1. Objects & The Problem Classes Solve

In Python, everything is an object. A string is an object. An integer is an object. They are blocks of memory containing data, equipped with built-in functions (methods) to manipulate that data.

Why do we need our own Classes?

Imagine building a system to track an army. Without classes, you are forced to pass massive, chaotic dictionaries around your application. You must write separate, disconnected functions to update health or change weapons. If the dictionary structure changes, every function breaks.

A Class solves this by fusing the Data (State) and the Functions (Behavior) into a single, unbreakable entity. You no longer pass data to a function; you ask the data to modify itself.

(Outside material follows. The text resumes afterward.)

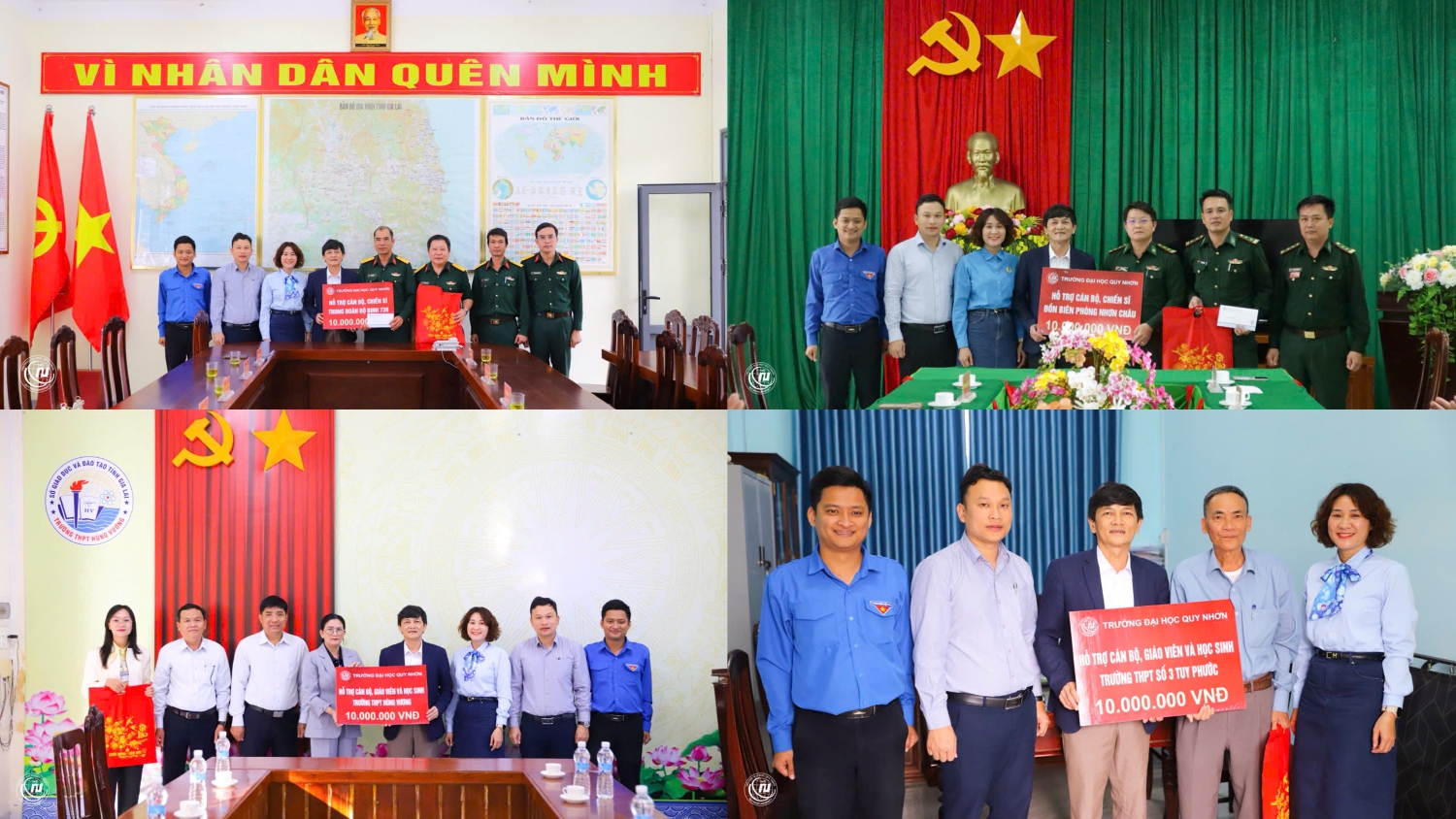Trong khuôn khổ chuyến công tác, Trường Đại học Quy Nhơn đã trao tổng kinh phí hỗ trợ trị giá 40 triệu đồng, tương ứng 10 triệu đồng cho mỗi đơn vị. Đây là nguồn động viên tinh thần, thể hiện sự tương thân tương ái và trách nhiệm xã hội của Nhà trường đối với các đơn vị và cộng đồng địa phương.

2. Anatomy: self, Variables, and Methods

Let us forge our first blueprint. There are two types of data in a class:

• Class Variables: Belong to the Blueprint itself. Shared by every single object created.
• Instance Variables: Belong uniquely to the specific Object. Declared inside __init__ using self.

What is self?

When you call arjuna.attack(), Python secretly translates this to Warrior.attack(arjuna). The word self is the net that catches the object being passed in, allowing the method to know which specific warrior's data it is supposed to modify.

class Warrior:
    # CLASS VARIABLE: Shared by all warriors
    army_name = "Pandava Alliance"

    # THE CONSTRUCTOR: Initializes the unique state of a new object
    def __init__(self, name, weapon):
        # INSTANCE VARIABLES: Unique to 'self'
        self.name = name
        self.weapon = weapon
        self.health = 100

    # INSTANCE METHOD: Defines behavior
    def attack(self, target):
        print(f"{self.name} strikes {target} with {self.weapon}!")

# Forging the Objects (Instances)
arjuna = Warrior("Arjuna", "Gandiva Bow")
bhima = Warrior("Bhima", "Heavy Mace")

# Calling a method
arjuna.attack("Kaurava Soldier")

# Accessing the shared Class Variable
print(f"Both fight for the: {Warrior.army_name}")

[RESULT]
Arjuna strikes Kaurava Soldier with Gandiva Bow!
Both fight for the: Pandava Alliance

3. Parampara: The Lineage of Inheritance

Inheritance is Parampara—the passing down of knowledge and traits from parent to child. Why rewrite code? A child class absorbs all methods and variables of its parent, reducing duplication.

• Single Inheritance: A child inherits from one parent. (e.g., class Archer(Warrior):)
• Multi-level Inheritance: A chain of descent. (Entity → Warrior → Commander)
• Multiple Inheritance: A child inherits from two distinct parents simultaneously. Python supports this, unlike Java.

class Charioteer:
    def drive(self):
        print("Navigating the battlefield.")

class Archer:
    def shoot(self):
        print("Releasing arrows.")

# MULTIPLE INHERITANCE
class Maharathi(Archer, Charioteer):
    pass # Inherits both skillsets seamlessly

karna = Maharathi()
karna.drive()
karna.shoot()

[RESULT]
Navigating the battlefield.
Releasing arrows.

4. The Power of super() and Overriding

When a child class defines its own __init__, it overwrites the parent's constructor. To avoid losing the parent's setup logic, we MUST call super(). This dynamically finds the parent class and executes its methods.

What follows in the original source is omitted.